En règle générale, lorsque nous recevons une attaque verbale, liée à notre travail, de la part d’un manager ou d’un collègue, « nous sommes énervés«.  Avant de détailler : « Nous avons une réaction émotionnelle, alors qu’il faudrait déconnecter les propos de soi-même. Il ne faut pas confondre ce qui relève de notre travail et de notre personnalité. Il faut chercher à comprendre calmement ce qui se cache derrière l’invective en sortant d’une logique de l’affrontement. Il s’agit de poser des questions claires pour obtenir des réponses objectives, et ainsi trouver avec son interlocuteur des solutions à un problème. »

2. Se défendre face à une attaque personnelle

Si l’attaque verbale est plus personnelle (sexiste, homophobe, ou encore raciste), il existe deux grands types de réactions afin de ne pas tomber dans l’agressivité. « L’auto-dérision est redoutable », selon l’auteur, qui donne un exemple : « Si un collègue-homme dit à la machine à café à sa collègue-femme « Ah ben dis donc, les femmes paient leur café maintenant », la victime de sexisme peut répondre « Eh oui, les femmes ont le droit d’avoir un compte bancaire depuis le mois dernier, tu n’étais pas au courant ? »« .

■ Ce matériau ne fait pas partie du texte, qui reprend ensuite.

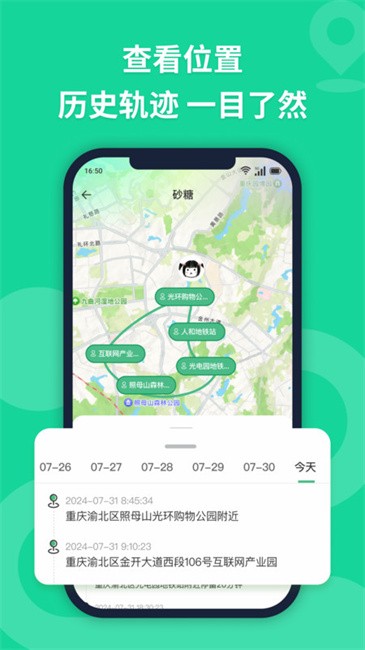 2、可回溯行程:历史轨迹功能支持按日期查看,让每一段行动路径都有迹可循。

L’autre possibilité est de feindre l’ignorance, l’incompréhension. « Là encore, l’idée est de demander à la personne de développer sa pensée, de manière subtilement ironique, afin que l’interlocuteur clarifie ses propos. Ce processus risque de le mettre mal à l’aise, et ainsi de lui faire prendre conscience par lui-même du caractère déplacé de sa remarque«. Dans l’exemple précédent, la victime peut rétorquer : « Qu’est-ce qui te surprend dans le fait que les femmes paient leur café ?«

3. Esquiver des sujets tabous

Dans des contextes inflammables, comme ces dernières semaines où les conversations politiques se sont immiscées dans la sphère professionnelle, la répartie est d’autant plus utile. Ces sujets d’actualité sont inévitables au travail, car ils constituent une partie de la vie quotidienne des travailleurs, qui sont aussi des citoyens en dehors de l’entreprise. Mais, ces sujets sont sensibles et ne doivent pas mettre en péril les relations de travail qui, elles, s’inscrivent dans le long-terme. « Si un salarié évoque ce sujet, surtout lors de temps informels, comme la pause café ou le déjeuner, c’est qu’il est préoccupé par ce sujet, qu’il a peut-être une crainte émotionnelle, qu’il a besoin d’en parler«.

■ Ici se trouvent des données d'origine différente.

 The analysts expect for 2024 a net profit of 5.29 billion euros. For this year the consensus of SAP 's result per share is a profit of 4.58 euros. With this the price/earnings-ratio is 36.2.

Aussi, l’une des solutions pour aborder ces sujets politiques – ainsi que tous ceux considérés comme « tabous » au travail – sans se mettre en danger quant à ses opinions personnelles, c’est « de faire parler l’autre pour connaître son positionnement ; de voir si on est d’accord ou pas d’accord ; de répondre à la question par une autre question ; de recourir à une phrase générale qui ne dit rien sur son ressenti profond ; ou de s’effacer derrière le groupe si cette conversation a lieu avec plusieurs personnes«.

4. Convaincre de la pertinence d’un projet

Enfin, lorsqu’il s’agit en tant que salarié de défendre une idée, un projet qui tient à cœur devant ses collègues et/ou ses supérieurs hiérarchiques, « le niveau de stress peut être élevé, car l’enjeu est important«. Aussi, si des objections sont formulées, « l’important n’est pas d’apporter les réponses les plus solides intellectuellement, mais les plus impactantes émotionnellement sur la personne qu’on cherche à persuader. L’idéal est de connaître ses opinions, ses intérêts, ses sensibilités. La préparation de cette prise de parole est le nerf de la guerre, ainsi qu’un bon entraînement«, tout en admettant que ce n’est pas toujours possible de bien connaître son/ses interlocuteurs en amont.

C’est pourquoi, dans des contextes similaires, l’équipe IPRH recommande la technique argumentative AEI (Affirmation, Explication, Illustration). C’est-à-dire, formuler une réponse en une phrase, avec un élément central à retenir et un exemple. Ou encore, la technique performative EAB (Evènement, Action, Bienfait). Soit, indiquer dans une réponse en une phrase, le moment opportun pour mener une action et les résultats escomptés. « Plus la réponse sera courte, plus elle sera efficace«.